В следующую секунду «флектарн» захрипел и, выдернув нож из горла, начал медленно оседать обратно в люк. Но я уже несся к броневику, стартанув с места, словно спринтер, претендующий на золотую медаль. Только ставкой в этом забеге был не блестящий кружочек с ленточкой, а моя собственная жизнь.
Непростое это дело взлететь с разбегу на машину трехметровой высоты. Но жить захочешь – запрыгаешь не хуже олимпийского чемпиона. В своих убитых берцах я вряд ли скакнул бы так эффективно, а тут получилось.
Первый раз я оттолкнулся от земли, второй – от капота, и вот я уже на крыше. «Флектарн» смотрел на меня выпученными глазами, пытаясь зажать ладонью струю крови, толчками бьющую из шеи. Ему бы скользнуть вниз, захлопнуть люк и уже там, в безопасности разбираться со своими проблемами. Но, видать, предсмертный шок бывает и у биологических машин. Отбросив нож, «флектарн» бестолково шарил руками по крыше, размазывая перед собой кровавую лужу, а снизу, заподозрив неладное, его уже явно кто-то тянул за ноги.
Счет шел на секунды. Прыгнув вперед, я проехался на брюхе по окровавленной броне и успел ударить локтем руку, пытающуюся изнутри захлопнуть люк. Раненый уже скрылся в недрах броневика, а его товарищу не хватило доли секунды, чтобы отгородиться от меня миллиметрами броневой стали.
Локтем по предплечью – это очень больно, особенно когда кисть атакуемого персонажа плотно ухватилась за твердый предмет. Послышался хруст сломанной кости и вполне человеческий вопль. Но на войне жалость есть чувство, напрямую ведущее вас в могилу, поэтому понятие «жестокость» в среде военных подменяют безликим словом «эффективность».

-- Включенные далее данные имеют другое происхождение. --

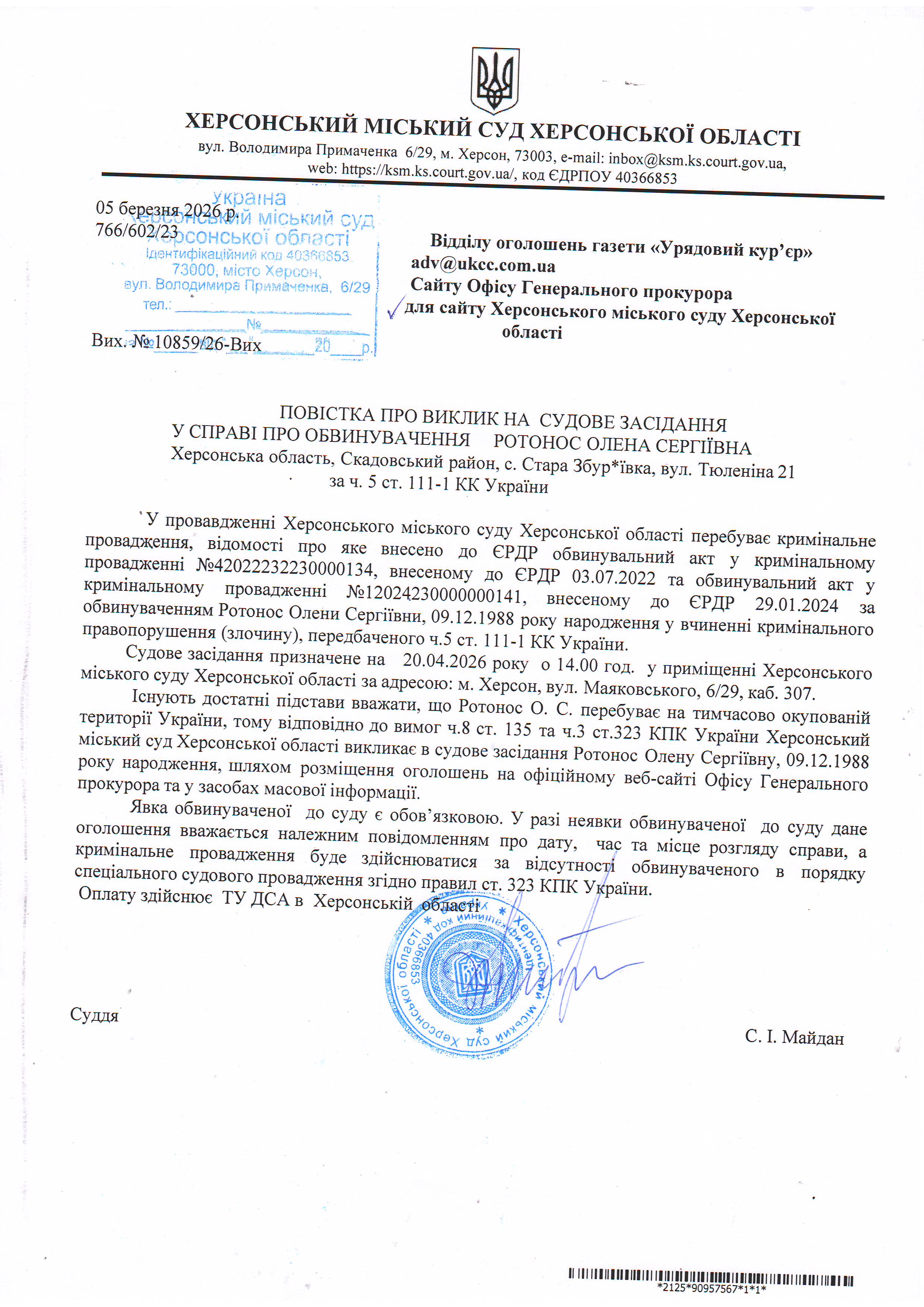 ОГОЛОШЕННЯ ПРО ВИКЛИК ДО СУДУ
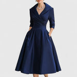 Pagaminta iš minkštos ir malonios liesti medžiagos, ši midi suknelė suteikia rafinuotą eleganciją ir išskirtinį patogumą. Jos subtilus V formos iškirptės dizainas ir lengvai platėjanti sijono linija puikiai pabrėžia figūrą, o 3/4 rankovės ir diskretiškos kišenės prideda praktinio žavesio. Idealus pasirinkimas tiek kasdienai, tiek ypatingoms progoms.

Вот и пришлось мне работать максимально быстро и эффективно. А именно: из положения на брюхе резко толкнуть люк вверх, подобрать под себя ноги в стиле танцора брейк-данса и со всей силы долбануть каблуками ботинок по макушке умирающего «флектарна».
Тот камнем рухнул вниз, судя по приглушенному воплю, подмяв под себя невидимого помощника. Я же проскользнул в люк следом, серьезно опасаясь, что броневик окажется набит автоматчиками, как бочка селедкой, благо габариты «Гризли» легко позволяли разместить внутри машины дюжину бойцов. В таком случае моя авантюра была бы чистой воды самоубийством… Но при этом я искренне надеялся, что покойный Гебхард в типично немецкой манере предпочитал комфорт избытку телохранителей.
И, к счастью, не ошибся.
Внутри «Гризли» представлял собой уютный дом на колесах. Обшитый натуральной кожей салон, огромное зеркало в вычурной рамке на стене, ореховый стол в углу, старинное кресло с вензелями, огромный телевизор напротив, встроенный в не менее габаритный шкаф с баром и книжными полками, двуспальная кровать за неплотно задвинутой перегородкой на случай, если хозяину вздумается подремать в процессе путешествия по своим владениям…
В результате среди всей этой роскоши для телохранителей места оставалось немного, всего четыре скромные откидные сидушки за шкафом, не считая водительских мест. Все это я схватил взглядом с ходу, еще в процессе скоростного спуска по металлической лестнице. Может, там еще чего интересного было, но исследовать салон в деталях можно и потом, если будет время и желание. А пока меня больше интересовало число и боеготовность «флектарнов», в данном салоне присутствующих.
Один в агонии бьется, второй пытается выбраться из-под него. Двое стоят в ступоре, соображая, что же это такое произошло с их товарищем. Плюс двое на водительских местах, слегка обалдевшие от моего стремительного прыжка и последующего проникновения внутрь машины.
«Флектарнов» можно было понять. Только что пред их очами находились два таких же, как они сами, пятнистых бойца, собирающихся донести до них какую-то важную информацию. Вдруг один из этих бойцов подпрыгивает, словно кенгуру, и исчезает из зоны видимости, а следом в люк проваливается их товарищ, фонтанируя артериальной кровью из пробитой шеи. И все это на благополучном острове, охраняемом ДОТами и хреновой тучей вооруженного личного состава.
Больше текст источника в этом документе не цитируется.